In this project, I will answer some Business Questions given in a Kaggle Dataset.
In the competitive world of retail, understanding the clients and purchases is key. These datset help us dig into how customers shop and interact a store over the course of a year, from January, 2019, to December 31, 2019. By looking at this data, we can answer some questions that can help the business grow and keep customers happy.
The data set includes several files:
- Online_Sales.csv: This file contains actual orders data (point of Sales data) at transaction level with below variables.

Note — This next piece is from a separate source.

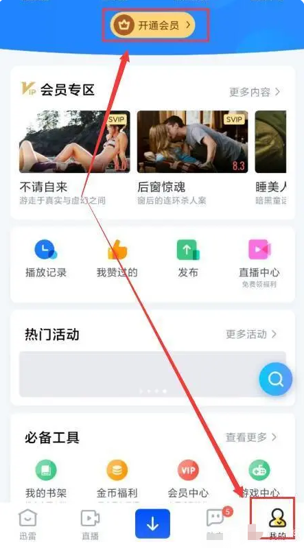 1、首先点击打开手机迅雷app,点击右下方【我的】-【开通会员】。

- CustomerID: Customer unique ID
- Transaction_ID: Transaction Unique ID
- Transaction_Date: Date of Transaction
- Product_SKU: SKU ID – Unique Id for product
- Product_Description: Product Description
- Product_Cateogry: Product Category
- Quantity: Number of items ordered
- Avg_Price: Price per one quantity
- Delivery_Charges: Charges for delivery
- Coupon_Status: Any discount coupon applied
- Customers_Data.csv: This file contains customer’s demographics.
- CustomerID: Customer Unique ID
- Gender: Gender of customer
- Location: Location of Customer
- Tenure_Months: Tenure in Months
- Discount_Coupon.csv: Discount coupons have been given for different categories in different months.

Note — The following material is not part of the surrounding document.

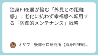 FIRE 📝 独身FIRE層が悩む「外見との距離感」:老化に抗わず幸福感へ転用する「防御的メンテナンス」戦略 FIRE後の「外見放置」は、自分を大事にする気持ち(自己肯定感)の低下というノイズを招きます。本記事では、老化に抗う努力を捨て、「機能を維持する」という論理的距離感を確立し、幸福感という非課税資産へ投資する最も効率的な「防御的メンテナンス」戦略を解説します。 2025.11.05 FIRE健康

- Month: Discount coupon applied in that month
- Product_Category: Product category
- Coupon_Code: Coupon Code for given Category and given month
- Discount_pct: Discount Percentage for given coupon
- Marketing_Spend.csv: Marketing spend on both offline & online channels on day wise.
- Date: Date
- Offline_Spend: Marketing spend on offline channels like TV, Radio, NewsPapers, Hordings etc…
- Online_Spend: Marketing spend on online channels like Google keywords, facebook etc..

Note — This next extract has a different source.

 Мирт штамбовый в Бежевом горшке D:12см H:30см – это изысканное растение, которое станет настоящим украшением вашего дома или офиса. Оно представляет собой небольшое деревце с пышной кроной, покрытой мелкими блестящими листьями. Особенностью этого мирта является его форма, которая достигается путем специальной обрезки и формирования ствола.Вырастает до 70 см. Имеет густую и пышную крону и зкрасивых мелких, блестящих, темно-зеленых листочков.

- Tax_Amount.csv: GST Details for given category
- Product_Category: Product Category
- GST: Percentage of GST
- Question 1: Calculate Invoice amount or sale_amount or revenue for each transaction and item level.
- File: Business_Questions
- Question 2: Perform Detailed exploratory analysis
- File: Business_Questions
- Detailed Questions:
- How many customers are acquired every month?
- What is the month-to-month retention rate of customers?
- How do revenues from existing and new customers change month-to-month?
- What role do discounts play in revenues?
- Analyze KPIs such as Revenue, number of orders, average order value, number of customers (existing/new), quantity, by category, by month, by week, by day, etc.
- Understand sales trends and seasonality by category, location, month, etc.
- How do the number of orders and sales vary on different days?
- Calculate Revenue, Marketing Spend, percentage of marketing spend out of revenue, Tax, and percentage of delivery charges by month.
- How does marketing spend impact revenue?
- Which products appear in transactions?
- Which products are purchased most frequently based on quantity?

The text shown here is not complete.